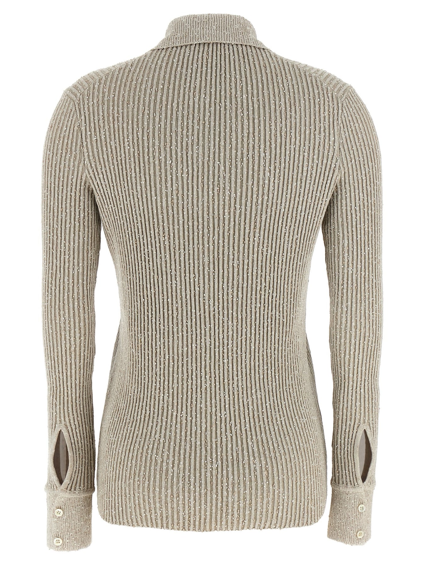 '21' ribbed viscose knit cardigan with 3D decorations, polo shirt with collar and front button closure, long cuffed sleeves.
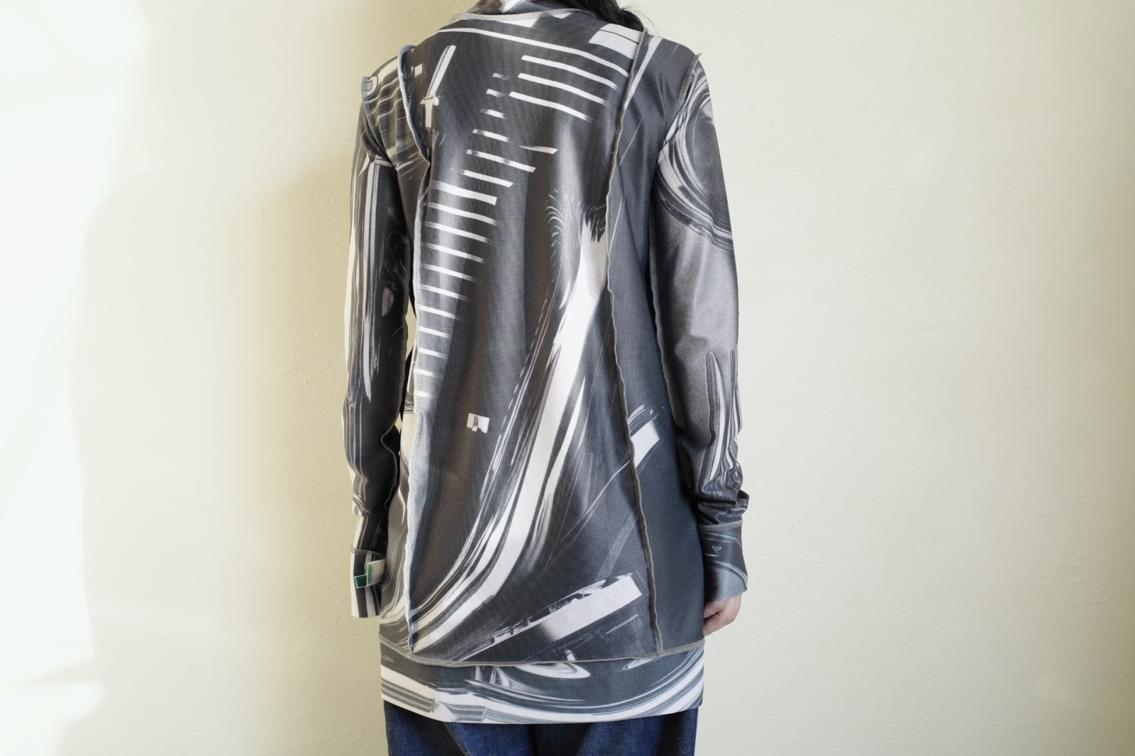 プリントパターンはサイボーグをイメージした、エンジンパーツのフルグラフィック。身頃から大胆に切り替え、ロックで始末してポイントに。UNISEXアイテム。生地の特性上、個々で風合いや色合いに差がある場合がありますがデザインとしてご了承くださいませ。
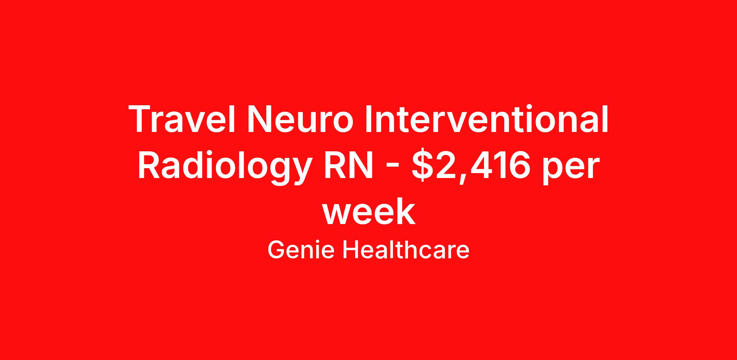 Genie Healthcare is seeking a travel nurse RN Interventional Radiology for a travel nursing job in Corpus Christi, Texas. Job Description & Requirements Specialty: Interventional Radiology Discipline: RN Start Date: 04/13/2026 Duration: 13 weeks 40 hours per week Shift: 8 hours, days Employment Type: Travel Genie Healthcare is looking for a Radiology/Imaging to work in Interventional Radiology Tech for a 13 weeks travel assignment located in Corpus Christi, TX for the Shift (5x8 Days - Please verify shift details with recruiter, 07:00:00-15:00:00, 8.00-5). Pay and benefits packages are estimated based on client bill rate at time the job was posted. These rates are subject to change. Exact pay and benefits vary based on several things, including, but not limited to, guaranteed hours, client changes in bill rate, experience, etc. Benefits: Medical Insurance, Dental Insurance, Vision Insurance, 401(k) with company matching (50% up to 6% of what you contribute) Genie Healthcare Job ID 17748595. Pay package is based on 8 hour shifts and 40.0 hours per week (subject to confirmation) with tax-free stipend amount to be determined. Posted job title: Radiology/Imaging:Interventional Radiology Tech,07:00:00-15:00:00 About Genie Healthcare Genie Healthcare is one of the fastest growing Nurse Travel Agencies in the USA. Genie serves hundreds of facilities and has over 4000 current travel RN contracts open at any given time. Genie provides travel RN’s flexibility, support, top pay scale, housing and the 1 rated, multi-state health insurance coverage. Genie Healthcare carries with it a commitment to providing a comprehensive level of service and quality care. Growing from a small team of eager recruiters to a company with satisfied clients in nearly every corner of the nation, delivering excellence in patient and customer care is the key to Genie’s success. The management team has 20 years of experience in workforce solutions and staffing in medical and non-medical fields, roles ranging from Clerical job to Cardiologist to software developer to CEO.
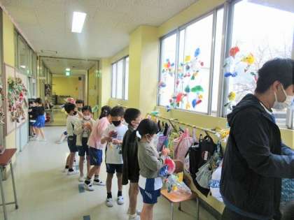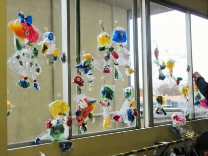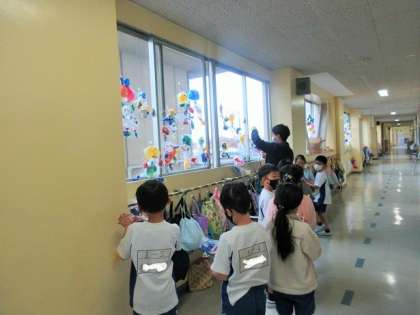 今日の作品は、カラーセロファンを使っているので、窓に飾ってみました。

_ASSIGNMENT_. Reproduce exactly, and only, the lines from the opening line of the listing above through the line holding "プリントパターンはサイボーグ", minus the pictures.

_RESPONSE_.
 '21' ribbed viscose knit cardigan with 3D decorations, polo shirt with collar and front button closure, long cuffed sleeves.
 プリントパターンはサイボーグをイメージした、エンジンパーツのフルグラフィック。身頃から大胆に切り替え、ロックで始末してポイントに。UNISEXアイテム。生地の特性上、個々で風合いや色合いに差がある場合がありますがデザインとしてご了承くださいませ。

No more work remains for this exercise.